[Start of section]

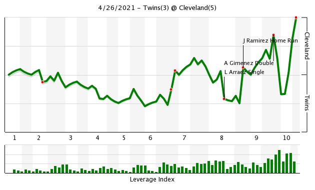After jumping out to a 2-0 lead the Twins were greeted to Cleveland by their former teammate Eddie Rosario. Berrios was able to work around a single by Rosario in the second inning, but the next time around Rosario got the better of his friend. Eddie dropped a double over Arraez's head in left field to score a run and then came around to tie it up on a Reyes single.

[End of section]
[Start of section]

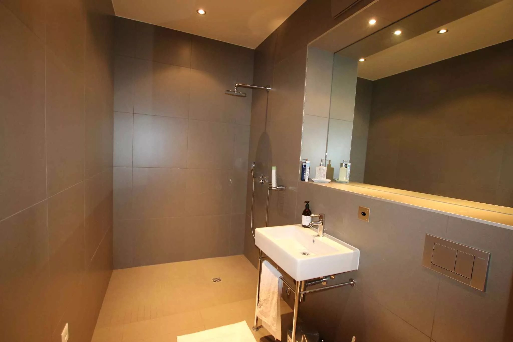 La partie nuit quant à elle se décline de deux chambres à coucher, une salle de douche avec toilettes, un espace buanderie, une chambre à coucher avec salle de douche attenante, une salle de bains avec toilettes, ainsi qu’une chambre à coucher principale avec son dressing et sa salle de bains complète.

[End of section]
[Start of section]

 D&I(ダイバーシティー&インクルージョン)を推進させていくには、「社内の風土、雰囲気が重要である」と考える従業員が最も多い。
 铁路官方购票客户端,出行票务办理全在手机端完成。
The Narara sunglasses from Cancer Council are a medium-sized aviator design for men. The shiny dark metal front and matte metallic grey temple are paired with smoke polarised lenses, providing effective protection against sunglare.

[End of section]

(THE TASK): Look back at the entries above. Retype the line with "D&I(ダイバーシティー&イ", the line with "The Narara sunglasses", and all lines in between.

(SOLVED PROBLEM):
 D&I(ダイバーシティー&インクルージョン)を推進させていくには、「社内の風土、雰囲気が重要である」と考える従業員が最も多い。
 铁路官方购票客户端,出行票务办理全在手机端完成。
The Narara sunglasses from Cancer Council are a medium-sized aviator design for men. The shiny dark metal front and matte metallic grey temple are paired with smoke polarised lenses, providing effective protection against sunglare.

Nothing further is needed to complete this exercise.